Sows need to receive special management at different stages after estrus. Negative energy balance in sows during gestation increases the probability of abortion, so the monitoring of body condition and abnormal behavior of sows during gestation needs to be enhanced. The traditional farming method relies on manual prediction of farrowing time for sows approaching farrowing, which is prone to inefficiency and piglet mortality. Some researchers have analyzed the clinical signs of sows at the time of farrowing, such as rising body temperature, rising respiration and heart rate udder initiation of milk production, and swelling of the pubic area. Also, some investigators have automatically determined the time of parturition by monitoring the sow’s resident litter behavior, etc. Under non-human interference conditions, the maternal ability of the sow determines the survival rate and daily weight gain of the piglets during lactation [76]. Thus, behavioral performance during the prenatal gestation and prodromal periods and during postpartum lactation can also affect pig production.

Existing methods for analysis of prenatal and postnatal behaviors mainly include three-axis acceleration-based detection methods, ultrasonic detection methods, and machine vision processing methods. Yan et al. [76] used MPU 6050 sensor for recognition of lactating sow posture, and Haar wavelet extraction features were used to reconstruct the basic profile of acceleration curve. The behavior was recognized using support vector machine after combining the posture feature information. A subsequent study [84] found that the high-risk movement of lactating sows switching from standing and sitting to lying down was the main cause of death in preweaned piglets. The frequency of movement occurrence and transformation was determined as the maternal index of sows, and the data from MPU 6050 sensors were used to set the movement energy threshold and construct a high-risk movement classifier. The accuracy of the results reached 81.7%, providing data basis for achieving scientific evaluation of maternal ability and reproduction. Zhang et al. [77] used ultrasonic sensors to collect distance information on the amounts of head, back, and tail activity of sows before farrowing. The correct rate of behavior detection and classification using K-means clustering algorithm reached 90.47%. Liu et al. [78] analyzed sow farrowing video image features for motion target detection based on improved single Gaussian model with background subtraction. Target recognition of piglets was performed based on the color and area features of motion regions. Xue et al. [28] proposed an improved Faster R-CNN based on lactating sow pose recognition algorithm using deep video images as the data source and introduced the residual structure into the ZF network. The ZF-D2R network was designed to improve the accuracy and maintain the real-time performance, and then the Center Loss supervised signal was introduced into the Faster R-CNN training to enhance the cohesiveness of intra-class features. The recognition speed is 0.058 s/frame, which is 0.034 s faster than the VGG16 network.

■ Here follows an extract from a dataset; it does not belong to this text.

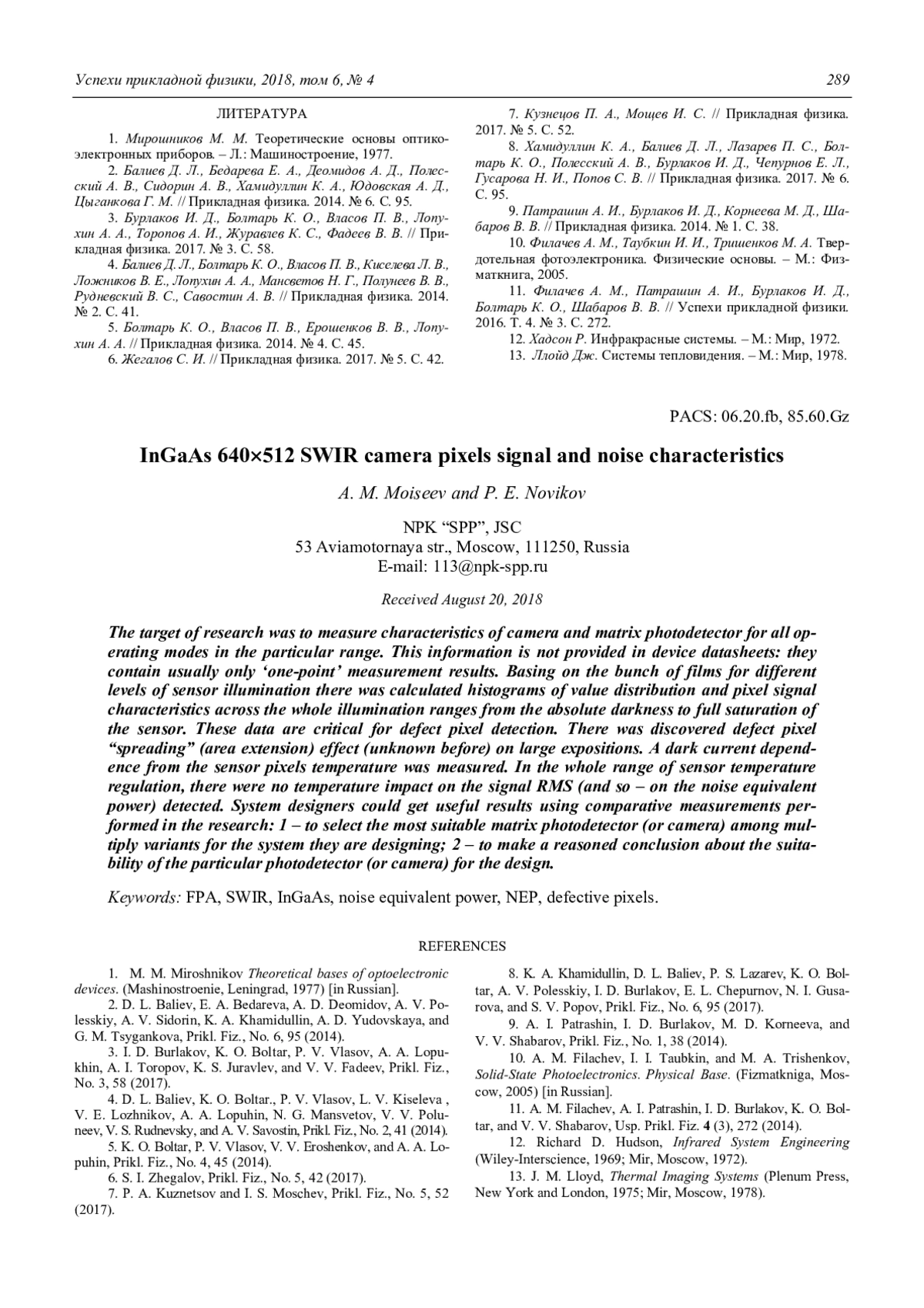 Статья: Сигнальные и шумовые характеристики элементов МФПУ формата 640512 SWIR-диапазона (2018)

The method based on the IoT technology can avoid the effects of diurnal light changes and hot light illumination, but at the same time it can lead to misjudgment of behavioral data because of the variability among different individual sows. Although the visual processing method is affected by the light problem, the introduction of depth data can relatively overcome the impact of this problem. The performance of the model is guaranteed while bringing the problem of a larger model. Further consideration needs to be given to compress the model for better migration deployment to embedded systems.

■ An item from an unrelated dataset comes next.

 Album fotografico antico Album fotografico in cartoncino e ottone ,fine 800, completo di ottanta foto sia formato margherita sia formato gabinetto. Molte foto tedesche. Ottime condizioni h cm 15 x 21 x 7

3.2.4. Tail Biting Behavior

Tail biting occurs mostly in commercial indoor farming, usually due to high farming densities, poor farming environments, inadequate ventilation, and poorer feed quality consumption rates [85–89], as shown in Table 3. In addition to direct damage caused to the tail and caudal region of the pig, it may also lead to blood loss or traumatic death, and wound infection can develop and spread throughout the body, causing abscesses and sepsis leading to paralysis and death, thus affecting animal welfare and production efficiency. D’Eath et al. [49] used Time-of-Flight 3D cameras and machine vision algorithms to automate the measurement of pig tail posture. Validation of the 3D algorithm found an accuracy of 73.9% at detecting low vs. not low tails. Yuzhi et al.[61] used a camera to automatically monitor changes in activity levels prior to outbreaks of tail-biting behavior. The rate of change of pixel blocks was estimated by the optical flow method, which calculates the image brightness of blocks between two consecutive frames as well as the spatial average of the blocks. The result indicated that pigs increased activity level 3 d before the first outbreak of tail biting ().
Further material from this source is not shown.